The Köterberg was already being mentioned in Lippe's boundary deeds in the 16th century. The Brothers Grimm called it the Götzenberg in their German Legends (Nos. 9, 20), because it was here that folk prayed to the gods of the heath. The Köterberg was also the setting for their fairy tale The Three Little Birds. Between 1796 and 1801, Karl Ludwig von Lecoq incorporated the Keutersberg as a triangulation point in his military-topographical surveys.

In 1831/32, the first solid structure appeared on the highest point of the hill: a 15½-foot (4.9 m) high tower as a category 1 triangulation mark.
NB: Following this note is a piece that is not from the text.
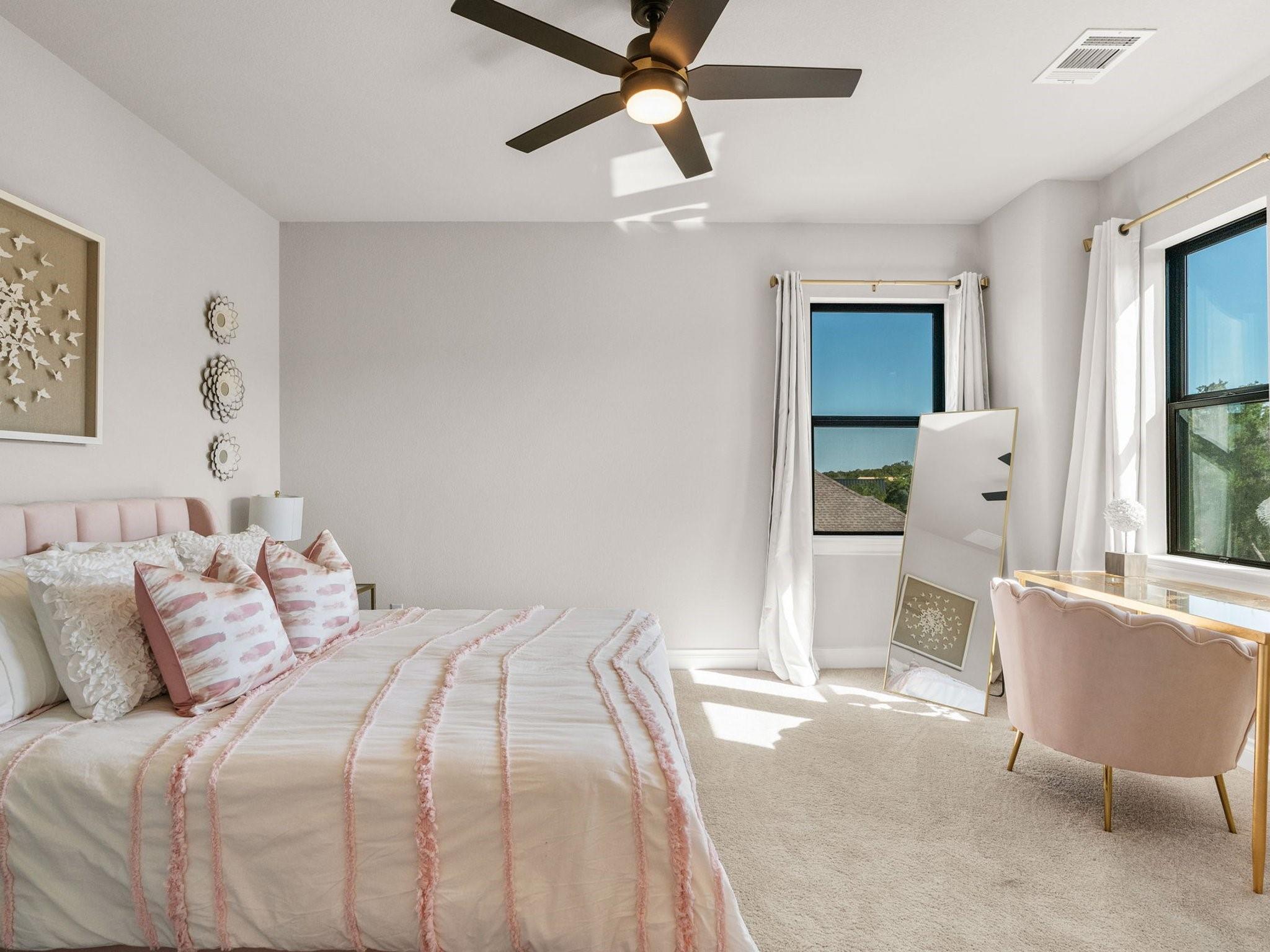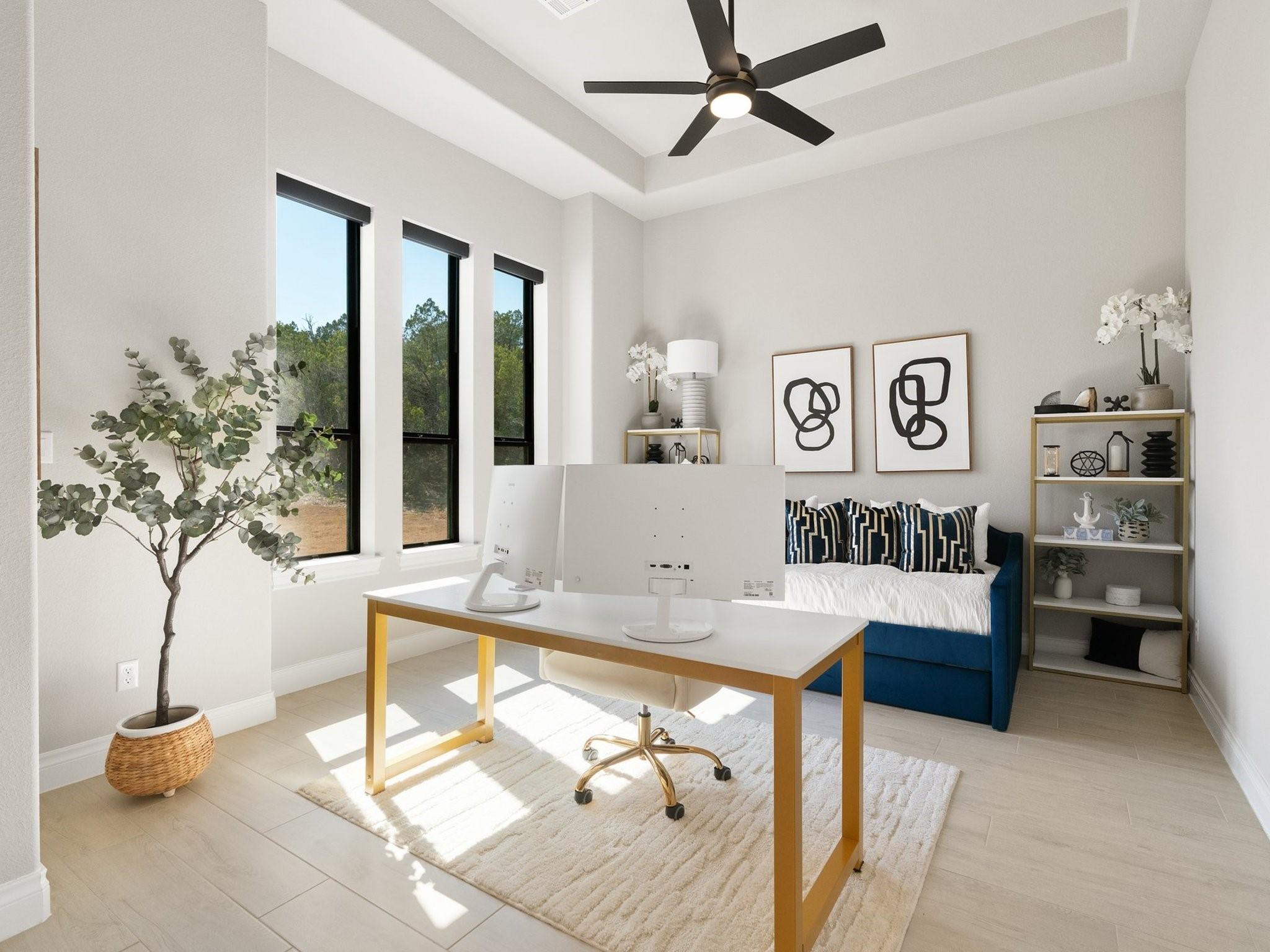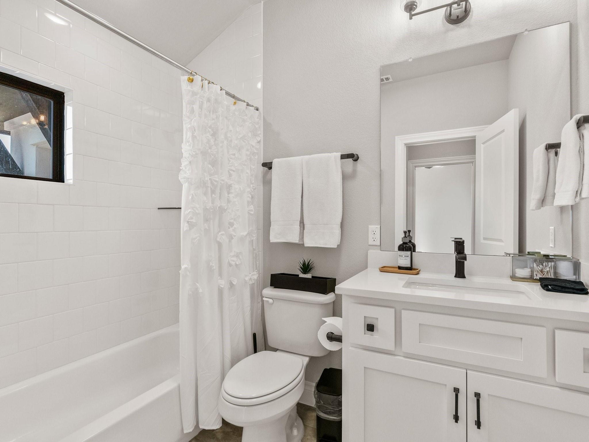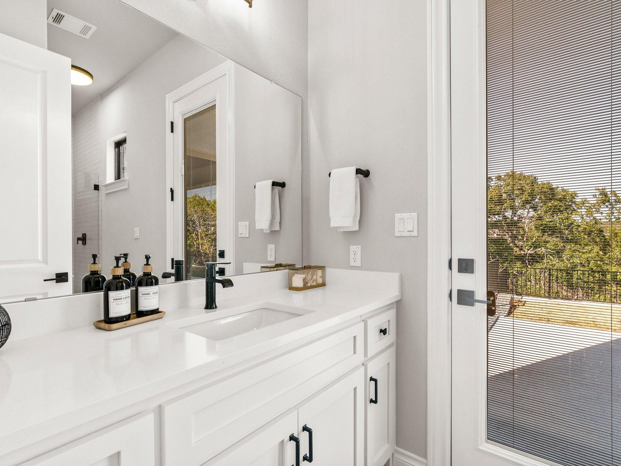 Nestled on the tranquil banks of Lake Travis, near Devil's Cove, this exceptional Drees home is a testament to luxury living at its finest. With breathtaking views of rolling hills and trees gracing every vantage point along the rear of the home, this property offers a rare opportunity to immerse yourself in natural beauty and modern sophistication. As you approach, the grand exterior of this residence welcomes you with its striking architectural angles and contemporary design, showcasing meticulous attention to detail at every turn. Upon entering through the double front doors, you are immediately enveloped in an atmosphere of effortless elegance. The interior boasts an impeccable design, featuring 5 spacious bedrooms, including a primary suite with treetop views. The spa-like ensuite bath boasts a standalone soaking tub, a walk-in shower, and separate vanities, providing a sanctuary of relaxation and rejuvenation. The stunning chef's kitchen is a masterpiece, featuring quartz countertops, tile backsplash, shaker style cabinetry, and state-of-the-art appliances. The dreamy living space is bathed in natural light thanks to picture windows that frame magazine-worthy views. A cozy fireplace serves as the heart of the home, while stackable sliding glass doors seamlessly connect the interior to the outdoor living space. Step onto the elevated back patio and behold miles of unobstructed views that will leave you in awe. An outdoor grilling area and a grassy yard provide the perfect backdrop for outdoor entertainment and relaxation. Enjoy easy access to Bar-K-park, Haute Spot, Crystal Falls Golf Club, and a plethora of local eateries and shops, all within a 20-mile radius. This is all in addition to the beach club with 3 pools, a hot tub, gym, a restaurant, an additional pool area with basketball and pickleball courts plus a marina with a kayak club, right in the neighborhood. Here, you'll find a level of luxury that is unmatched!

The Köterberg was a station in the Prussian semaphore system, which acted as a communication link between Berlin and Koblenz from 1832 to 1849. Since 1929, the Köterberghaus has stood on the summit. Two signs on the Köterberghaus give the height of the Köterberg, incorrectly, as 500 m AMSL. This error is often repeated in the advertising. Since 1971, a telecommunication tower has stood on the summit.

Today the Köterberg is sometimes referred to jokingly as Monte Wauwau. Both "Köter" ("mutt") and "Wauwau" ("bow-wow") are vernacular terms for a dog.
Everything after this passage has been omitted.